Puis il gémit un peu et se traîna jusque dans un coin d’ombre où il risquait moins de se faire repérer.

Dans la chambre au-dessus, Victor était debout tourné contre le mur. Une posture humiliante. Déjà qu’il s’était cogné dans une madame Cosmopilite à la face hilare en montant l’escalier. Elle lui avait lancé un grand sourire et un drôle de coup de coude appuyé que les gentilles petites vieilles, il en était sûr, ne devaient pas connaître.

Il entendait dans son dos des cliquetis et de temps en temps des bruissements tandis que Ginger se préparait à se coucher.

« Elle est vraiment très gentille. Elle m’a dit hier qu’elle a eu quatre maris, le renseigna Ginger.

— Qu’est-ce qu’elle a fait des squelettes ? demanda Victor.

— Je ne vois pas du tout de quoi vous voulez parler, dit Ginger en reniflant. Bon, vous pouvez vous retourner, maintenant. Je suis au lit. »

Victor se détendit et se retourna. Ginger avait remonté les couvertures jusque sous son menton et les y maintenait comme une garnison assiégée protège ses barricades.

« Faut me promettre, dit-elle, que s’il arrive quelque chose, vous ne profiterez pas de la situation. »

Victor soupira. « Je le promets.

— C’est juste que je dois penser à ma carrière, vous voyez.

— Oui, je vois. »

Victor s’assit près de la lampe et sortit le livre de sa poche.

« Je ne cherche pas à me montrer ingrate, ni rien », poursuivit Ginger.

Victor feuilleta les pages jaunies, à la recherche du passage sur le coin près de la plage où il était allé.

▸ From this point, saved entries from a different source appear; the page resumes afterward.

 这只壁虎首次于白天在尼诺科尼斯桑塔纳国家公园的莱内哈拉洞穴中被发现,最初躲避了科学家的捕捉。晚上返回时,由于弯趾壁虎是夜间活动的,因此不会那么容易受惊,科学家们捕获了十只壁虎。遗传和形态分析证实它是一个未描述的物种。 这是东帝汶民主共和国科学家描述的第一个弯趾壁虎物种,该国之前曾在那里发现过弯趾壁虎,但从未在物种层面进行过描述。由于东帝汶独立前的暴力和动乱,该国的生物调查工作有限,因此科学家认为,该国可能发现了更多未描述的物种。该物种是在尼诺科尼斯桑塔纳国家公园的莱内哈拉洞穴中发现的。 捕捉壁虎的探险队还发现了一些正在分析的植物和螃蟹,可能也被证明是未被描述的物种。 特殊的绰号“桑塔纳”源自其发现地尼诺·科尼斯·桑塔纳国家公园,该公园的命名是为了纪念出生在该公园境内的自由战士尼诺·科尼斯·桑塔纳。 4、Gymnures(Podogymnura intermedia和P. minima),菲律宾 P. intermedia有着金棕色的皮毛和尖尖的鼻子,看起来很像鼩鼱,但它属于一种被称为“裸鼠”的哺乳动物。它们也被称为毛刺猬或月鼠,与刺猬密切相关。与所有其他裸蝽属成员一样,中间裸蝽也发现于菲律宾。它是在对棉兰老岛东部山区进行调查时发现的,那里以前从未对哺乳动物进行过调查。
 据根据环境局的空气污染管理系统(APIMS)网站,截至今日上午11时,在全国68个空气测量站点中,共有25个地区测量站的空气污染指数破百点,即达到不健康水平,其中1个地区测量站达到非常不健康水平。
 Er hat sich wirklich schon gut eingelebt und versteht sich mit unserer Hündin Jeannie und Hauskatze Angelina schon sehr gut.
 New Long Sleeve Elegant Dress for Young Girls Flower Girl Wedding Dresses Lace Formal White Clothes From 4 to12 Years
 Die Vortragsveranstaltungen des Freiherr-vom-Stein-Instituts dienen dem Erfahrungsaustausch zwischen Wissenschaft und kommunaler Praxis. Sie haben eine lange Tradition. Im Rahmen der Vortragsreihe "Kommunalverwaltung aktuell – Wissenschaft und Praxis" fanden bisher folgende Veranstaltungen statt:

Une foule de gens avaient passé leur vie près de la colline d’Olive-Oued, dans le seul but apparent de garder un feu allumé et de chanter trois fois par jour. Pourquoi ? Qui était le Gardien de la Porte ?

« Qu’est-ce que vous lisez ? demanda Ginger au bout d’un moment.

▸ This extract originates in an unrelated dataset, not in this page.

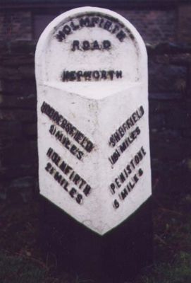 Milestone, Penistone Road, on bend nr top of hill south of minor X rds, milestone in Holme Valley, Kirklees, UK
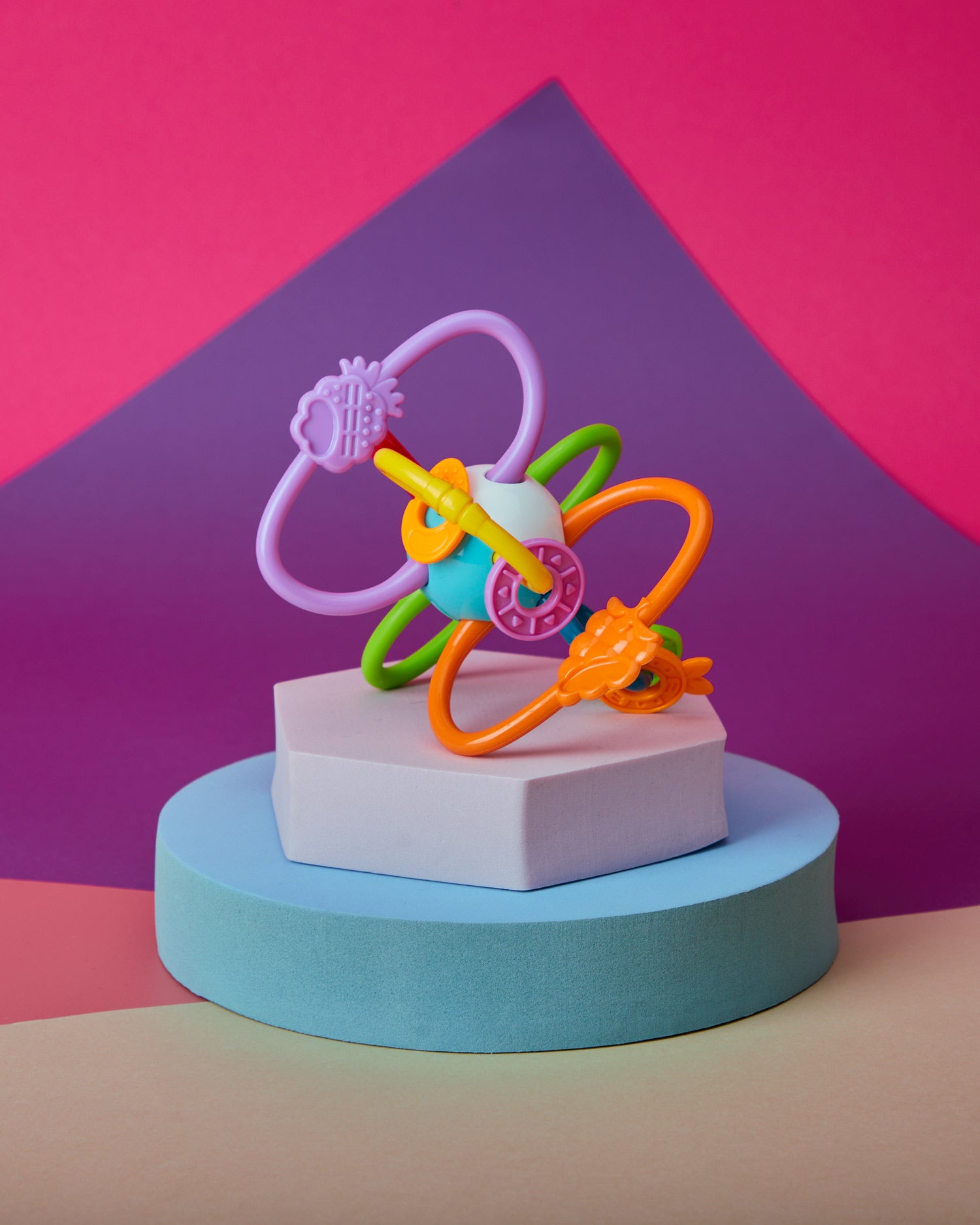 Es un juguete para masticar, perfecto para las manos pequeñas y entrenar el agarre desde temprana edad. Incluye cascabel para estimular reconocimiento del sonido, recomendado desde los 3 meses.

— Un vieux bouquin que j’ai trouvé, répondit sèchement Victor. Il traite d’Olive-Oued.

— Oh.

— Moi, à votre place, je dormirais », dit-il en se déhanchant pour mieux déchiffrer l’écriture en pattes de mouche à la lumière de la lampe.

Il entendit la jeune femme bâiller.

« Est-ce que j’ai fini de vous raconter mon rêve ? demanda-t-elle.

— Je ne crois pas, répondit Victor d’un ton qu’il espéra poli et dissuasif à la fois.

— Ça commence toujours par une montagne…

— Écoutez, vraiment, vous ne devriez pas parler…

— … avec des étoiles tout autour, vous savez, dans le ciel, puis l’une d’elles descend, et ce n’est pas une étoile, c’est une femme qui brandit une torche au-dessus de la tête… »

Victor revint lentement à la couverture du livre.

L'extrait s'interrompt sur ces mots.